Quantitative reverse-transcription – PCR

Relative abundances of several transcripts (Table S2) [see Additional file 4] were independently verified by SYBR Green real-time PCR according to the manufacturer's protocol (Applied Biosystems, Foster City, CA, USA). Bulk cDNA samples were synthesized from total RNA using Taqman reverse transcription reagents (Applied Biosystems, Foster City, CA, USA) and random hexamers as primers. The gene-specific primers were designed using Primer3 software [72] according to the real-time PCR guidelines, and listed in Table S2. The relative abundance of each transcript (normalized to internal control genes 16S rRNA, trpA, or lysC) with respect to the control sample was measured in triplicates and calculated according to the comparative C t method [73].

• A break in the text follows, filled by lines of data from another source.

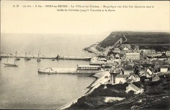 Ak Port en Bessin Calvados, Vue generale, Les Falaises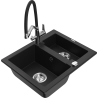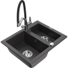 Гранитна мивка Mexen Carlos 1,5-коморна с кухненски смесител Duo, черен/златист металик - 6518-75-671701-07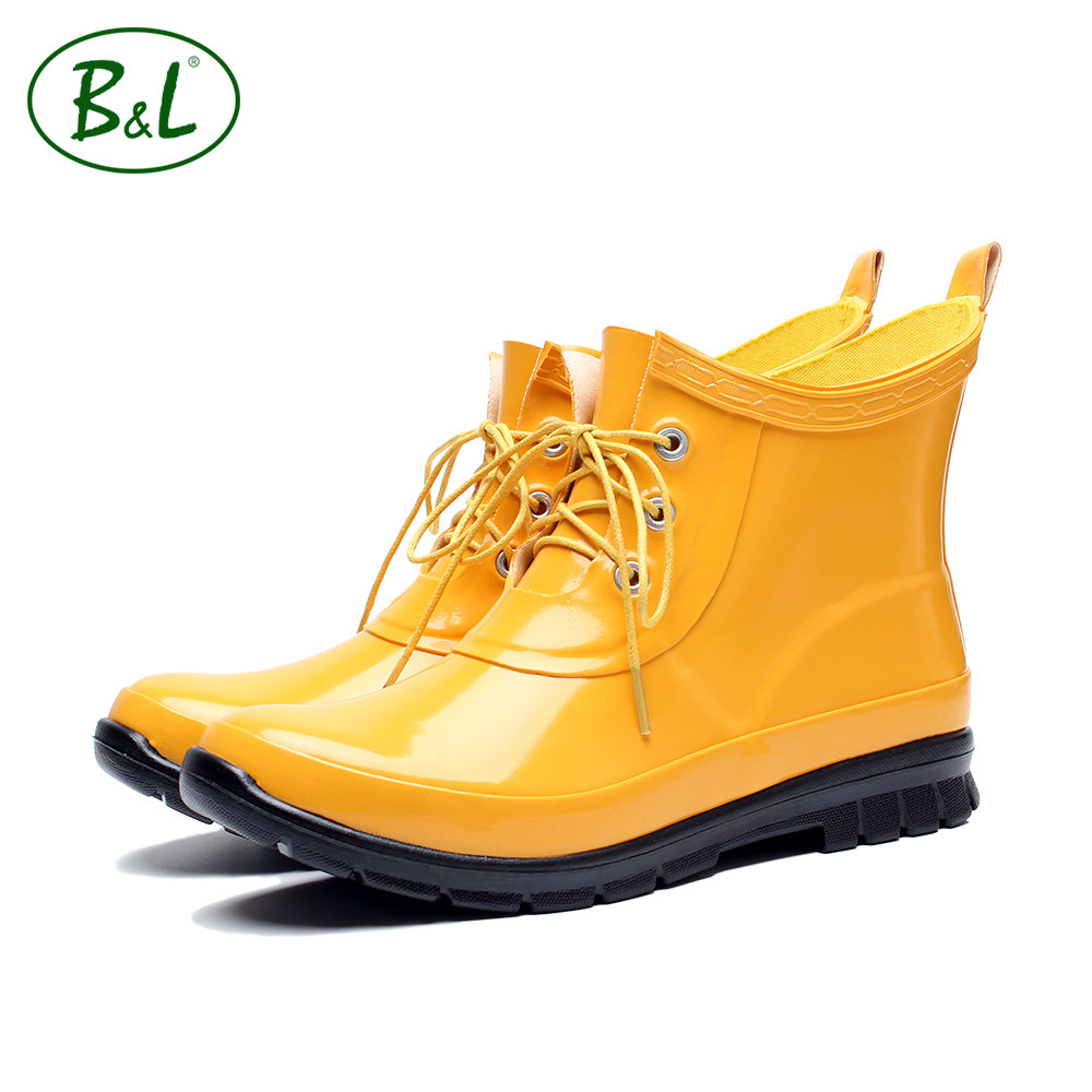 BL ladies lace-up rain shoes boots low-top tube four seasons winter non-slip waterproof rubber shoes fashion water shoes plus velvet socks

Hydrogen evolution measurement

Seven ml cell samples were incubated in long cylindrical tubes with no head space under the same growth condition as that of S deprivation microarray experiment. The photoautotrophic incubation was allowed to proceed for a period of at least 24 hr before H2 was measured. Following incubation, the samples were centrifuged before H2 content of the supernatant was analyzed using a membrane inlet mass spectrophotometer (Bay Instruments, Easton, MD, USA) which has been shown effective in measuring dissolved gases in water [74] and cell culture samples [75]. The H2 content of the cell sample was calculated based on air equilibrated deionized water as a blank control. Hydrogen production was normalized by OD730 nm. The H2 evolution from a parallel +S control culture was also measured. The measurements were performed in technical triplicates.

Microarray data availability

The microarray data are accessible online through NCBI Gene Expression Omnibus (GEO) [76] series accession number GSE11970.